Why Pistachios May Benefit Gut Health
Pistachios contain a unique combination of fiber, polyphenols, and plant-based compounds that emerging research suggest can positively influence the gut microbiota—the trillions of microbes living in our digestive tract. These bioactives seem to serve as “fuel” for beneficial bacteria, helping support digestive health, immune function, and overall wellness. Compared to other snacks, pistachios provide both “prebiotic substrates” (in simpler terms, pistachios provide nourishment to the good bacteria in the gut) and microbiome-friendly nutrients, making them a smart choice for gut health.
Below are a few recent studies on pistachios and gut health:
Riley TM, et al. Nighttime pistachio consumption alters stool microbiota diversity and taxa abundance compared to education to consume 1-2 carbohydrate exchanges (15-30 g) over 12 weeks in adults with prediabetes: A secondary analysis from a randomized crossover trial. Current Developments in Nutrition. 2025;107481.

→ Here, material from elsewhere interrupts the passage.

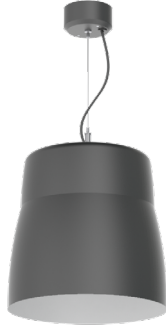
BP1616GV SHOWN WITH RDC5CD

- In a 12-week randomized crossover trial in adults with prediabetes, participants who consumed 57g of pistachios nightly experienced:
- Significant changes in gut microbial composition compared to those who ate carbohydrate-rich nighttime snacks.
- Increased abundance of beneficial bacteria, including Roseburia and uncultured Lachnospiraceae species, known for producing butyrate, a compound that supports colon health and reduces inflammation.
- Decreased levels of potentially harmful or pro-inflammatory microbes, such as Flavonifractor, Eubacterium coprostanoligenes, and Blautia hydrogenotrophica.
- This study suggests that regularly eating pistachios may help nourish the gut by supporting the growth of helpful bacteria and reducing less desirable ones.